Duelling Junos & what music moves Don Ross
Two mayoralty candidates are taking credit for their part in bringing the Juno Awards to Hamilton – one for the 2015 show, the other for getting the awards here in the first place.
Former city councillor Don Ross – who declared for mayor last month – notes he was chair of the economic development committee in the 90s when Hamilton petitioned officials of Canada’s dominant music awards to bring the Junos here.
(Photo: Don Ross, from his Facebook site)
“We went to Toronto and talked to the people in charge of the Junos . . . and said wouldn’t they like to move the awards to other communities in Canada,” Ross said in an interview. “We were the ones who reached out to them to move the Junos here.”
The Junos came to Hamilton for the 1995 awards, and were also held here in 96, 97 and 99. There was one last go-round for the Junos in Hamilton in 2001, but they haven’t been back since then.
Last week, mayoralty candidate Brian McHattie was featured here on SpecVotes.com talking about how branding Hamilton as a music city is part of his campaign.
McHattie has also positioned himself as a force behind the Junos returning to Hamilton in 2015. He points out he crafted the council motion that led to last spring’s request to the Junos to bring the show back .
Clearly, Hamilton music is central to both campaigns, consistent with the community’s rising interest in its reputation as a powerhouse for musicians of every type.
At last week’s Juno ceremony, Hamilton groups racked up a host of nominations: Monster Truck (rock album of the year), Tom Wilson’s LeE HARVeY OsMOND (roots and traditional, group), Harrison Kennedy (blues album), City Harmonic (contemporary Christian/gospel). Not to mention that the region also has Walk off the Earth (three major nominations for the Burlington group).
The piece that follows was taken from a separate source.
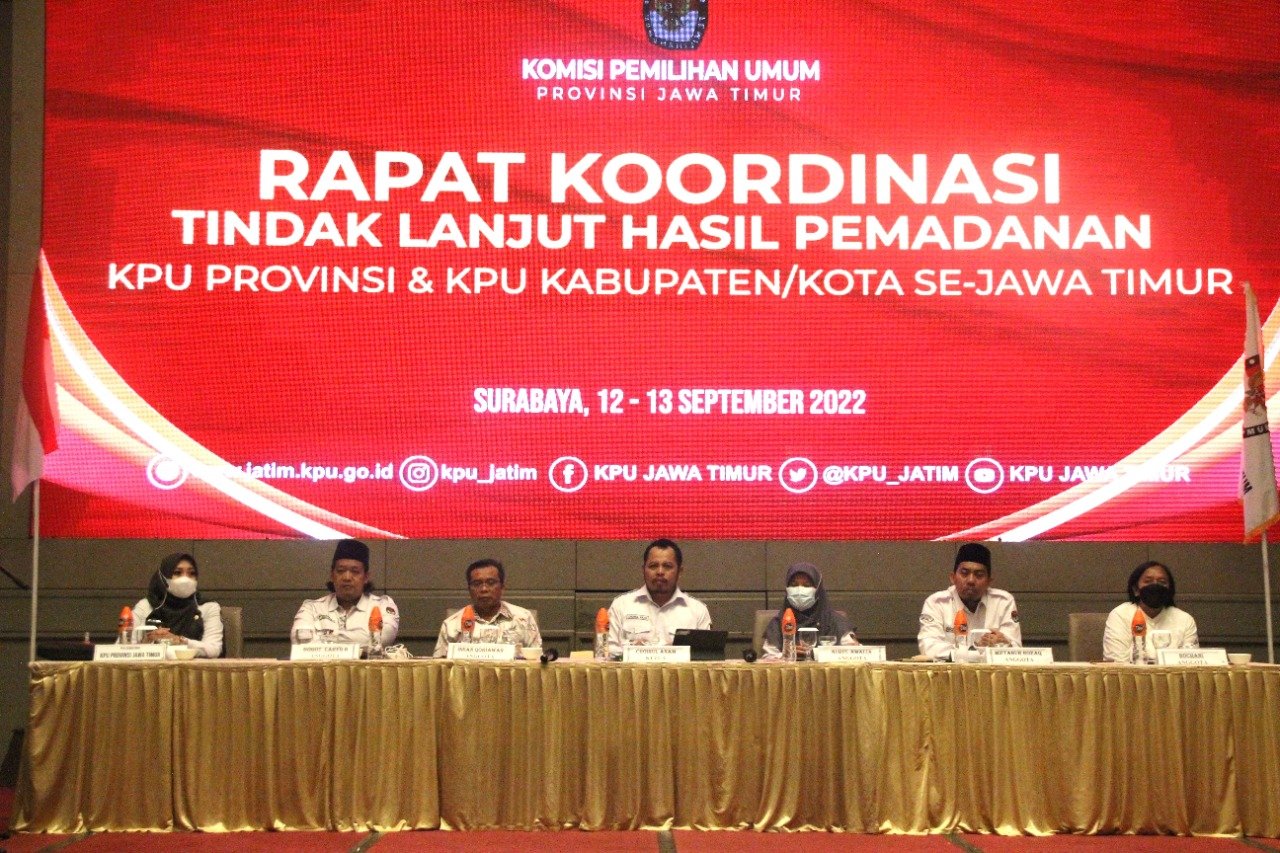 SURABAYAONLINE.CO – Komisi Pemilihan Umum (KPU) Kabupaten/Kota di Jawa Timur diharapkan terus mengoptimalkan kinerja terkait data pemilih. Utamanya bagi daerah yang memiliki jumlah data pemilih besar diharapkan dapat bekerja dengan cepat dan akurat. Hal ini disampaikan Ketua KPU Jatim Choirul Anam saat pembukaan rapat koordinasi bersama 38 kabupaten/kota, Selasa (12/9)

See more on the Junos at thespec.com
Ross, who says he has broad tastes in music, said he hasn’t really thought about the full extent of the music component for his mayoralty campaign – whether it’s the position he takes on Hamilton as a music city or what he plays for electioneering.
“There will definitely be music, I’m a very upbeat kind of person and I have two daughters who are music afficionados. They’re right up to date on it all.”
What moves him personally?
Country, pop, some classical and a special affinity for Susan Aglukark, the celebrated Inuit singer-songwriter who also has become a keynote speaker and workshop leader.
“I love her music. I have a real soft spot for her.”